Quote the listing in full, exactly as given, minus any pictures.

### RECORDED DATA
..........

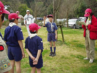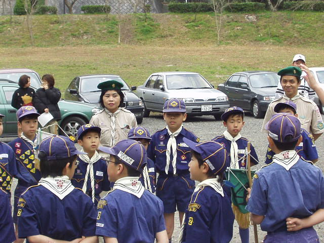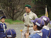 課題はカブスカウト賛歌です。組長の指揮兼ソングに引っ張られ何とかクリア!こうし君ありがとう(TT) |
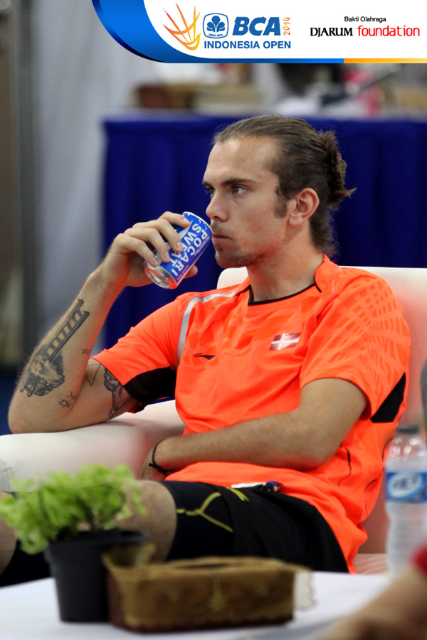 Jan O Jorgensen (Denmark) bersantai di player lounge sebelum bertanding
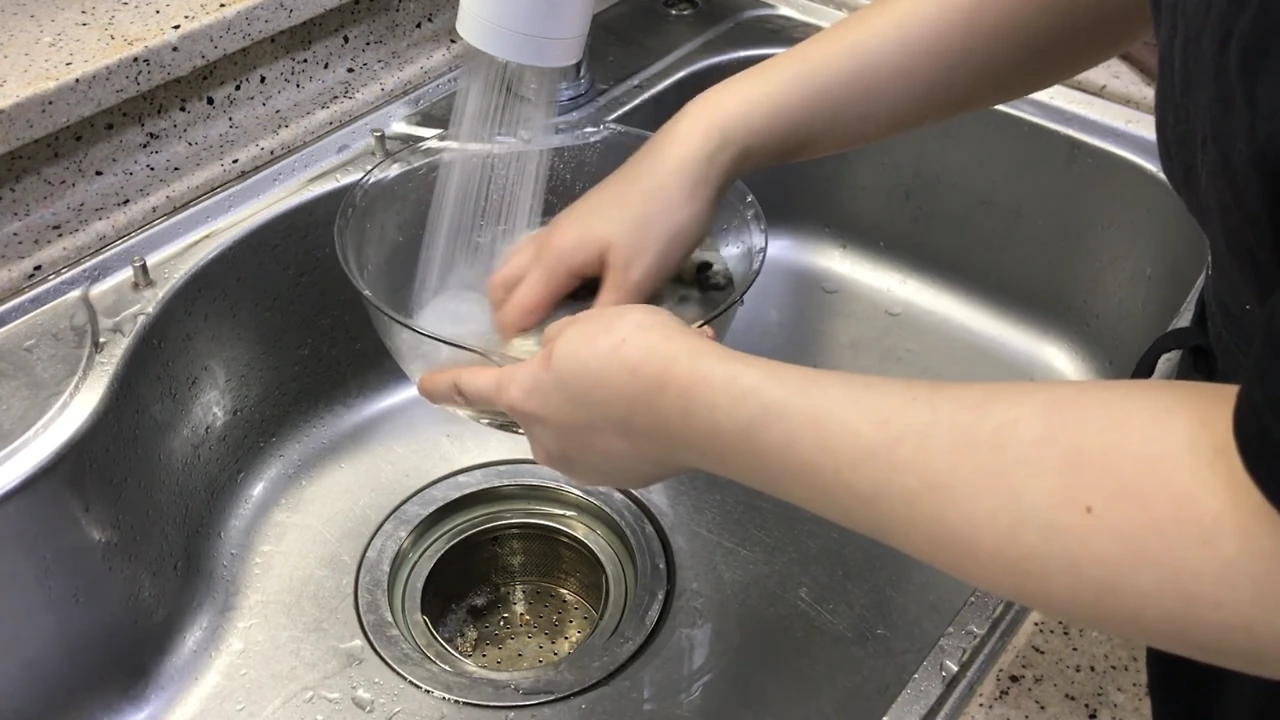 굴을 찬물에 살랑살랑 세네 번 씻어요.

..........

### EXERCISE SOLUTION
 課題はカブスカウト賛歌です。組長の指揮兼ソングに引っ張られ何とかクリア!こうし君ありがとう(TT) |
 Jan O Jorgensen (Denmark) bersantai di player lounge sebelum bertanding
 굴을 찬물에 살랑살랑 세네 번 씻어요.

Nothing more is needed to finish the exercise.